The IEEE Computer Society Technical Committee on Computer Architecture recently announced the debut of its quarterly forum, Computer Architecture Letters, as an official IEEE publication, beginning in 2006.
The editors are seeking short technical papers addressing all aspects of computer architecture, including compiler-hardware and operating system-hardware interactions, interconnect architectures, memory and cache systems, power and thermal issues, network and embedded-systems processors, and reconfigurable systems.

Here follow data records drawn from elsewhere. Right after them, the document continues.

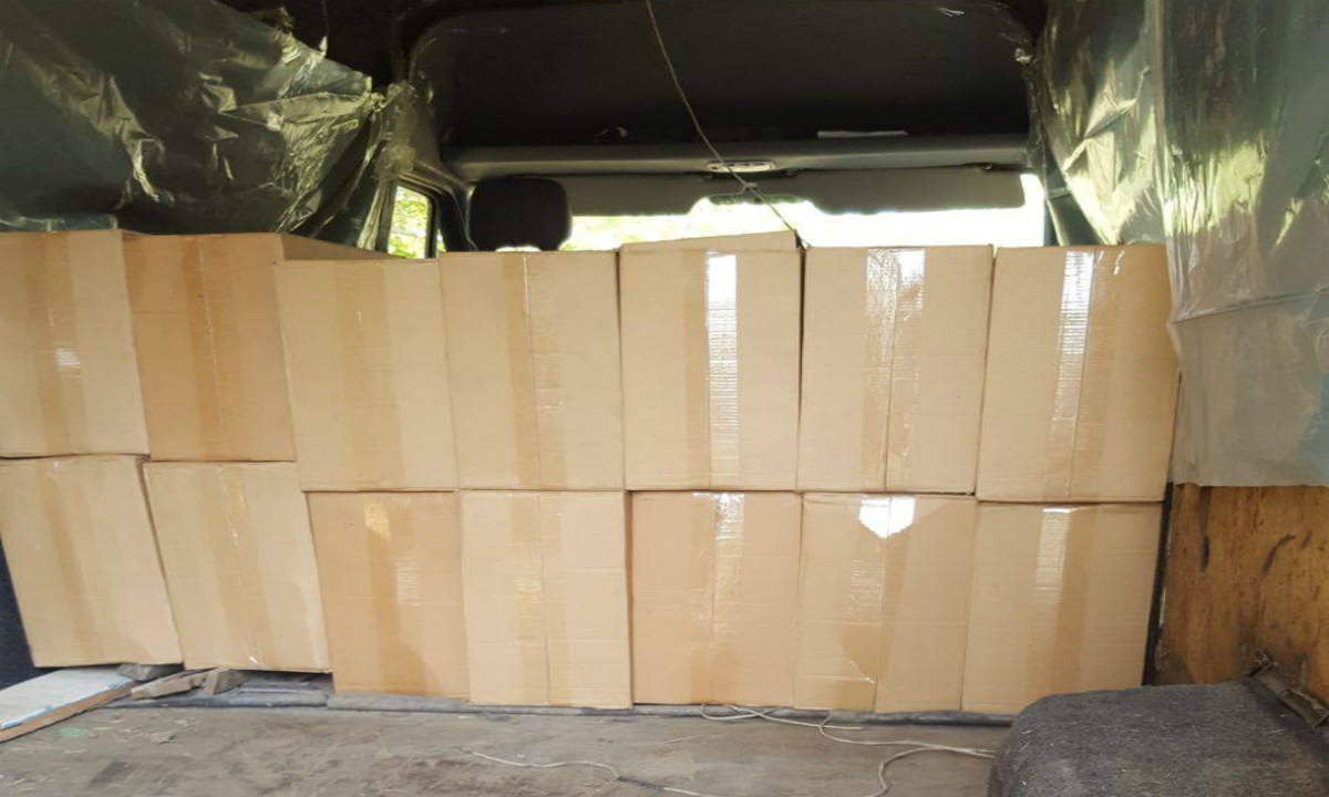 (FOTO) Aproape 200.000 de ţigarete ascunse într-un perete dublu al unei autoutilitare, descoperite la Suceava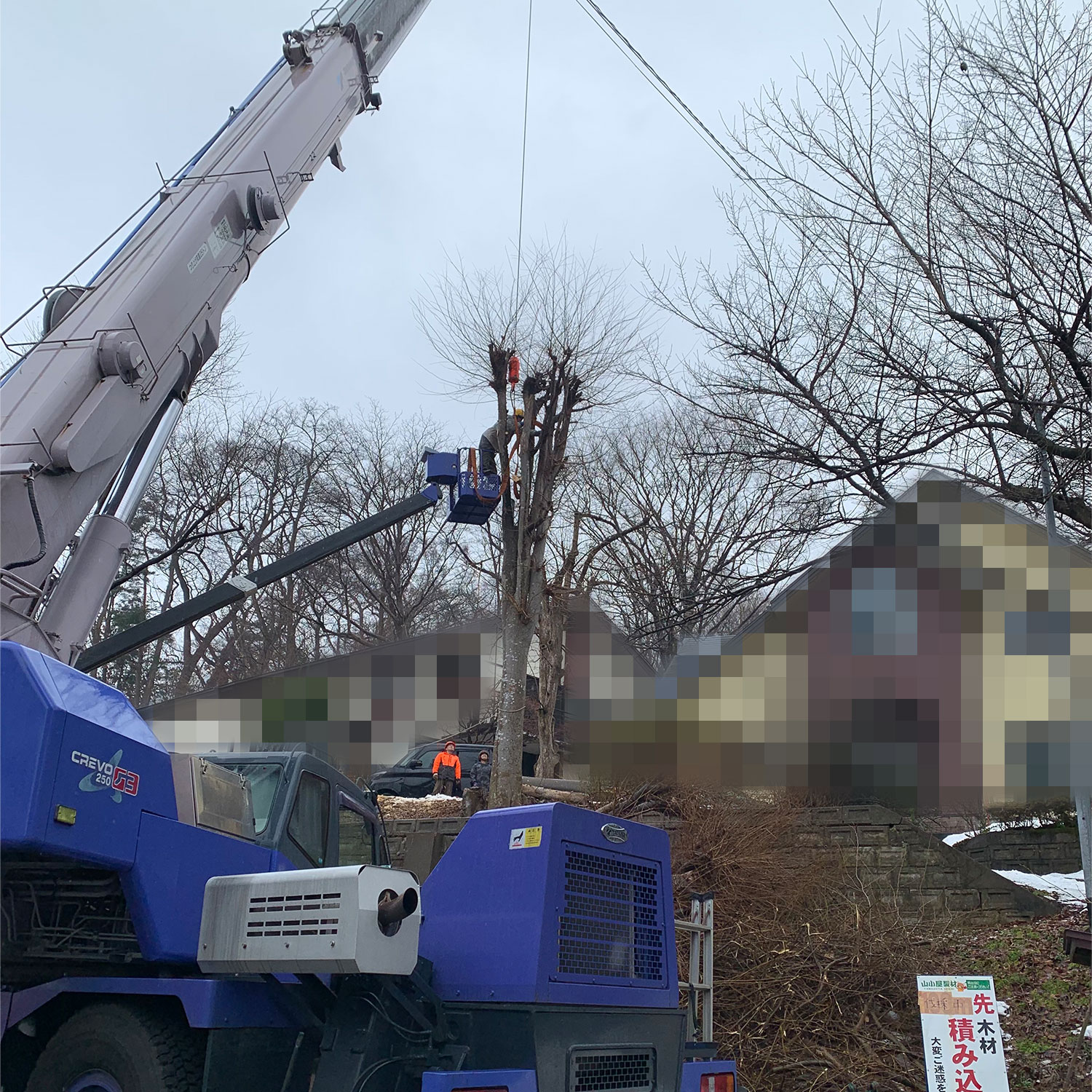 - 高所作業車連携伐採工事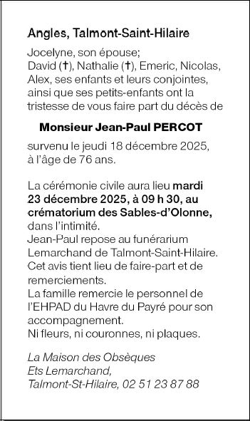 Décédé à Talmont-Saint-Hilaire (85440) le jeudi 18 décembre 2025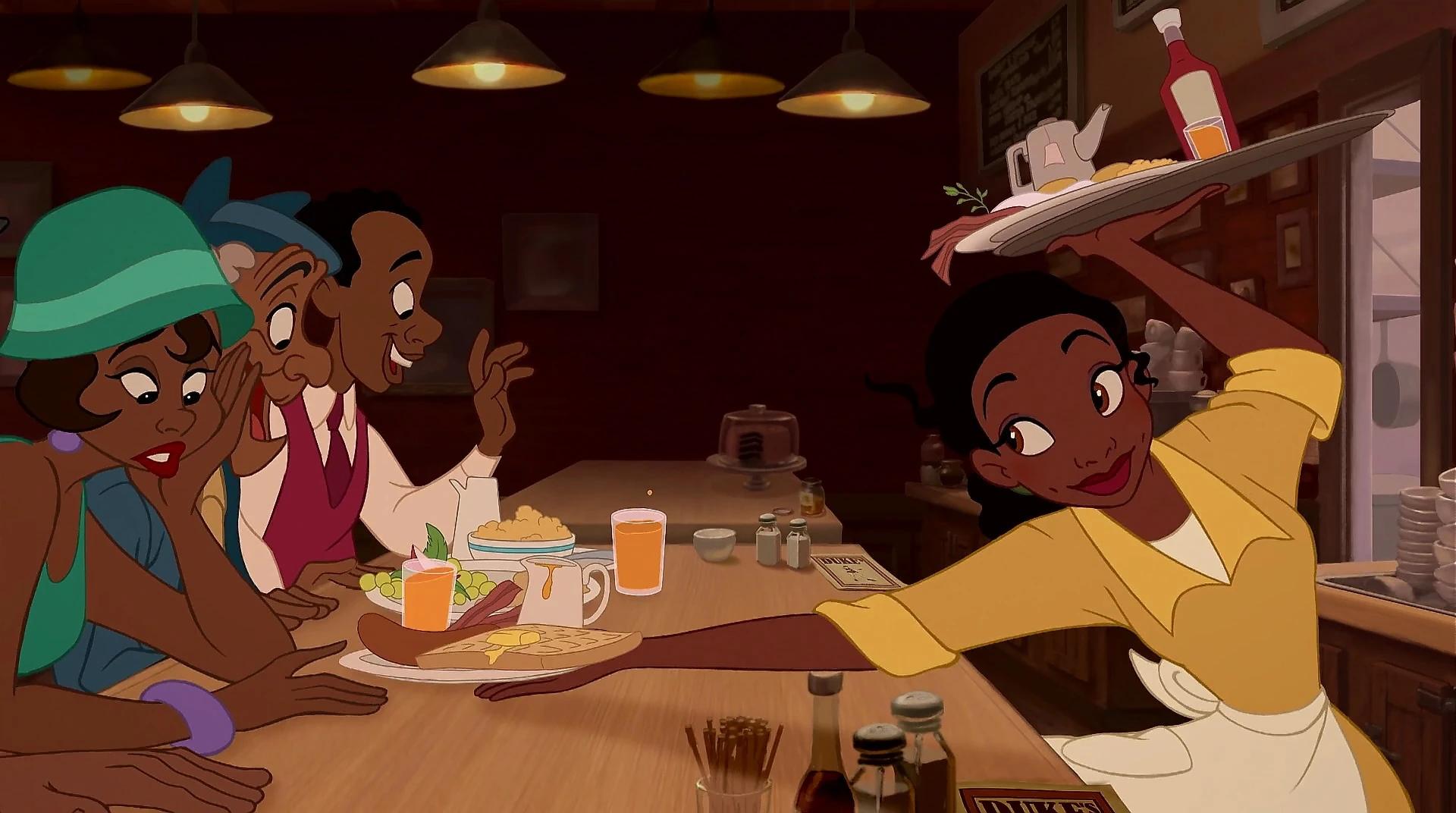 A coordinated and swift Tiana working as a waitress.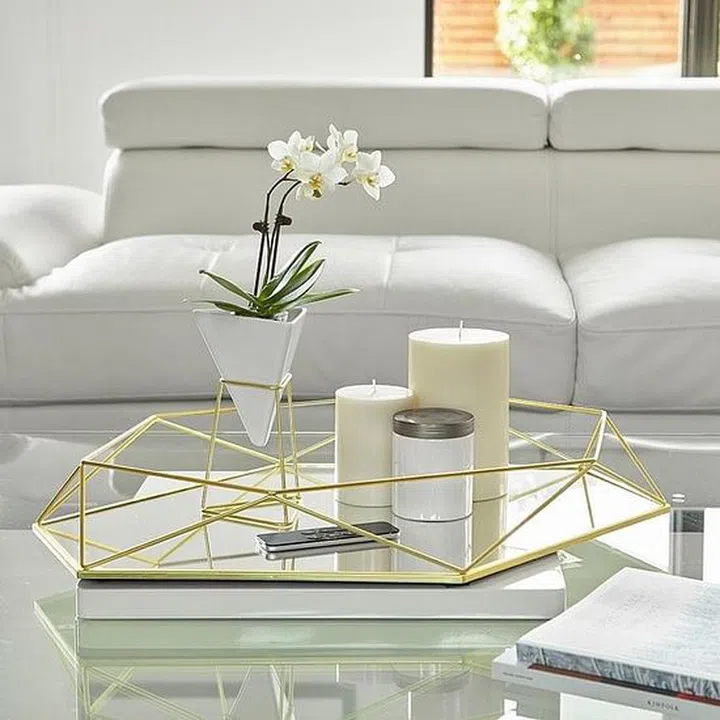 Accessorise with brass-accented pieces too, such as this mirror which also doubles as a tray if you like! The geometric design makes it look very artsy too!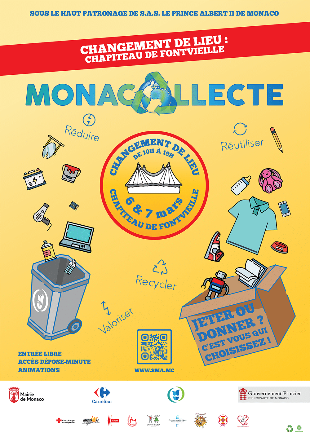 La Société Monégasque d’Assainissement (SMA) et la Direction de l’Aménagement Urbain, en partenariat avec la Mairie de Monaco, vous invitent à la 4e édition de MonaCollecte, l’évènement solidaire autour de la collecte, de la réutilisation des objets et du recyclage des déchets.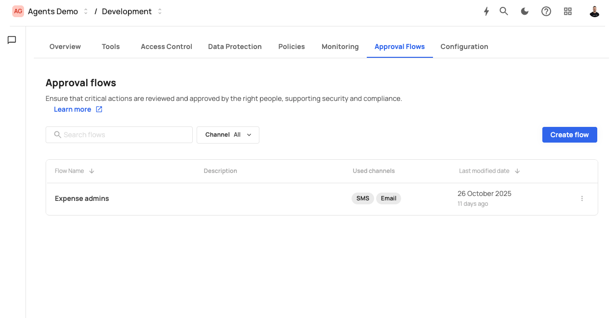 Approval flows in Agen for SaaS define the human-in-the-loop review process for sensitive tool calls. When a policy triggers a Request approval action, the tool call is paused and routed to the configured approval flow, where designated approvers review and approve or reject the request.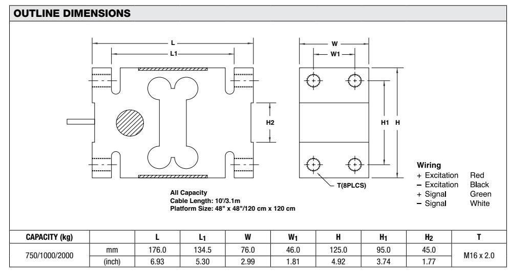 美國威士世銓HOC-750kg稱重傳感器有3個量程可選,分別是HOC-750kg、HOC-1000kg、HOC-2000kg,主要應(yīng)用于大量程平臺秤、包裝機、灌裝秤、煤炭輸送機秤等方面稱重測量,其尺寸圖如下:

Accepted papers will be published in the print edition that is mailed to all members of the TCCA and will be included in the IEEE Computer Society Digital Library. Members of both the TCCA and the ACM's Sigarch receive regular notifications of new papers.
Serving as editor in chief of Computer Architecture Letters is Yale N. Patt of the University of Texas at Austin.
The TCCA also sponsors several major conferences each year, including the International Conference on Parallel Architectures and Compilation Techniques (PACT), the International Symposium on Modeling, Analysis, and Simulation of Computer and Telecommunications Systems (MASCOTS), and the High-Performance Computer Architecture Symposium (HPCA.) Computer Society members can join up to four Technical Committees, Councils, or Task Forces at no extra cost.